Task input =
_____

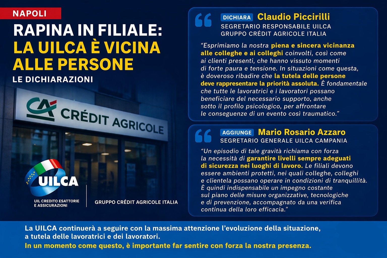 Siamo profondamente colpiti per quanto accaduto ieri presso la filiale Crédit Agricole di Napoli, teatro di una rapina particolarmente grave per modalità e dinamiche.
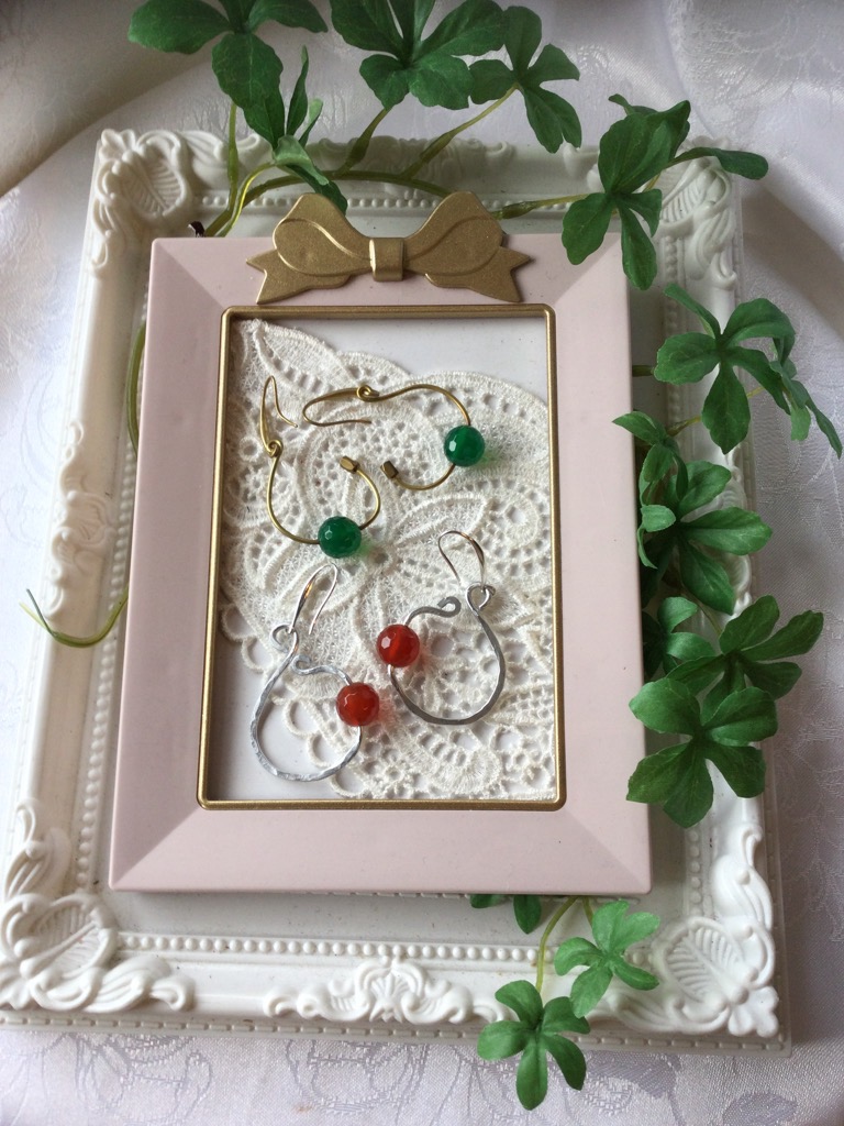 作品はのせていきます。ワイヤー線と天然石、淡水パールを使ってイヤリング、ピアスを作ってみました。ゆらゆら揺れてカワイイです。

_____

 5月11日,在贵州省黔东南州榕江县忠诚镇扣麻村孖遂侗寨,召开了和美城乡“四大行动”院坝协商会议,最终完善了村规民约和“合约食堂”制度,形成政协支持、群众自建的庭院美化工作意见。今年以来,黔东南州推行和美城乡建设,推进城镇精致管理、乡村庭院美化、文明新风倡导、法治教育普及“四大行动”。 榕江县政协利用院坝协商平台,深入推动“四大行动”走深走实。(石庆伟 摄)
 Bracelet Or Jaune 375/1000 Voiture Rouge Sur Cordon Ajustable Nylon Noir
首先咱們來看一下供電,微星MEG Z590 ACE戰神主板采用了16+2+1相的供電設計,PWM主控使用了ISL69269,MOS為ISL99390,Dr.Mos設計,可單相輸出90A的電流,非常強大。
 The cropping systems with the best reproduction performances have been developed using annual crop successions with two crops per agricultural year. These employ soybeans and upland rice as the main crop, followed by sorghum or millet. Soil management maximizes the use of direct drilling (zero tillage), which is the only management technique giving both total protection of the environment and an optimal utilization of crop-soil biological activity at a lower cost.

_____

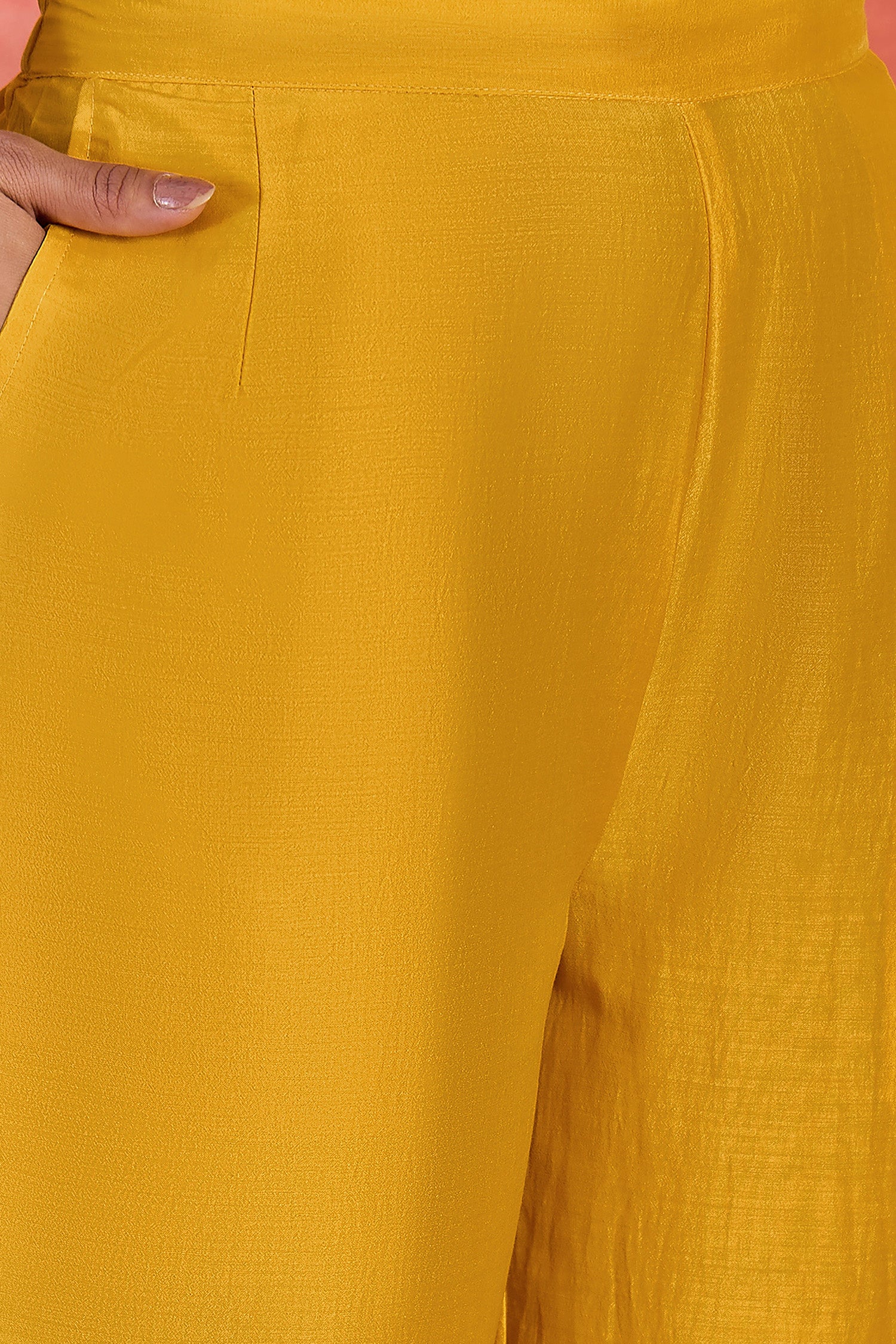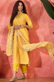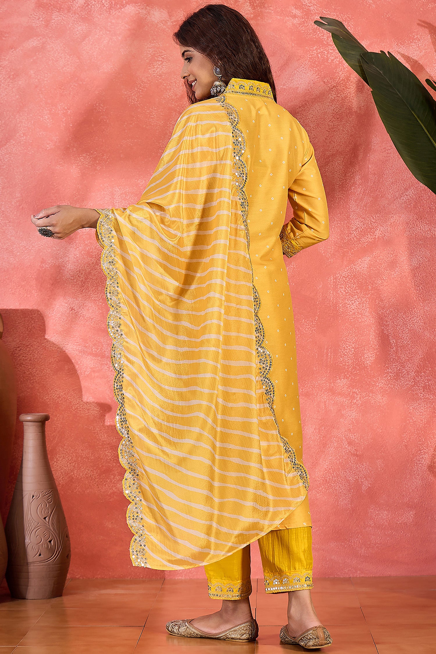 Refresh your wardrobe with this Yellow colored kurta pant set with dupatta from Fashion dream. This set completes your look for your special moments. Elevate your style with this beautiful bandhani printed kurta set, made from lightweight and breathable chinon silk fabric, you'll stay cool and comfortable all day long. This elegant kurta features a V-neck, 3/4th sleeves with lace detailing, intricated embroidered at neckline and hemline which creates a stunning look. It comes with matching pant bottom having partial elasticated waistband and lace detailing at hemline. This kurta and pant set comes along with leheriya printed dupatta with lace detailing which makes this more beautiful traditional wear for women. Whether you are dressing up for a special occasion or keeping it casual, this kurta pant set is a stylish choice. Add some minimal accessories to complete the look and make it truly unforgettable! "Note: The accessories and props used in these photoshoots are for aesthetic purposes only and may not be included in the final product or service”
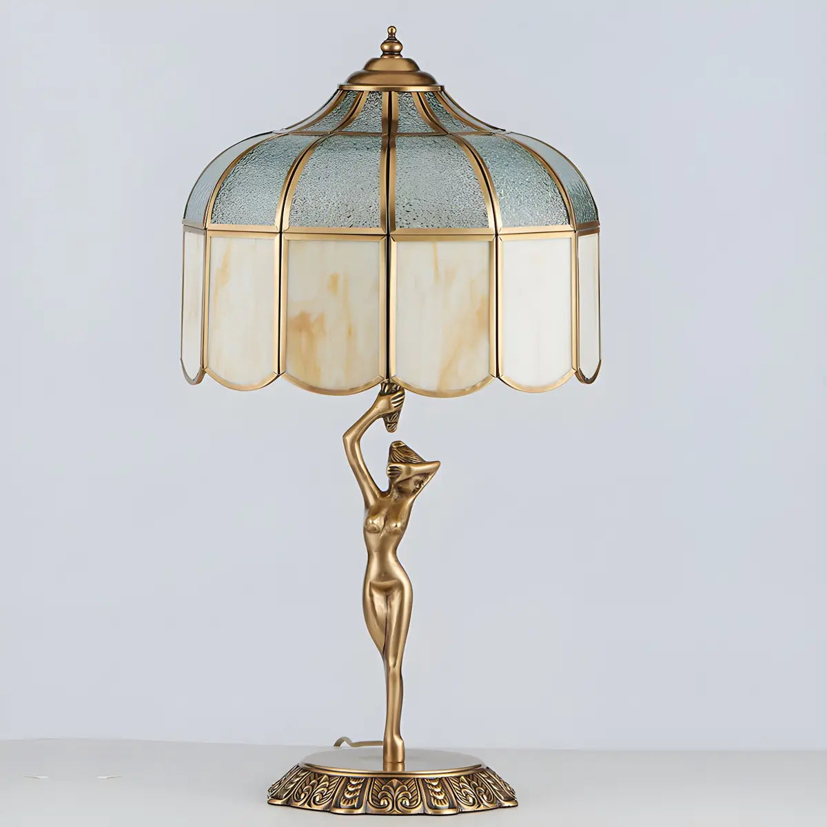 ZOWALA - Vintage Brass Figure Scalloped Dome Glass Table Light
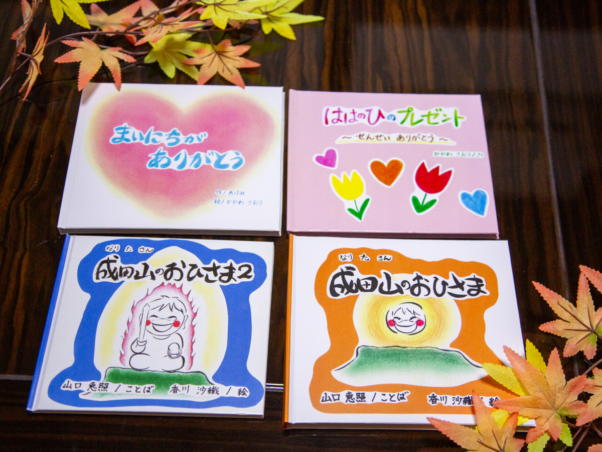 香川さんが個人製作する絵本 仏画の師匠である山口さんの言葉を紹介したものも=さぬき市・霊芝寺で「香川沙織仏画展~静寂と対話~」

_____

Exercise goal = Set down word for word the lines above from the one with "Siamo profondamente colpiti" up to and including the one with "作品はのせていきます。ワイヤ". Omit every picture.

Result =
 Siamo profondamente colpiti per quanto accaduto ieri presso la filiale Crédit Agricole di Napoli, teatro di una rapina particolarmente grave per modalità e dinamiche.
 作品はのせていきます。ワイヤー線と天然石、淡水パールを使ってイヤリング、ピアスを作ってみました。ゆらゆら揺れてカワイイです。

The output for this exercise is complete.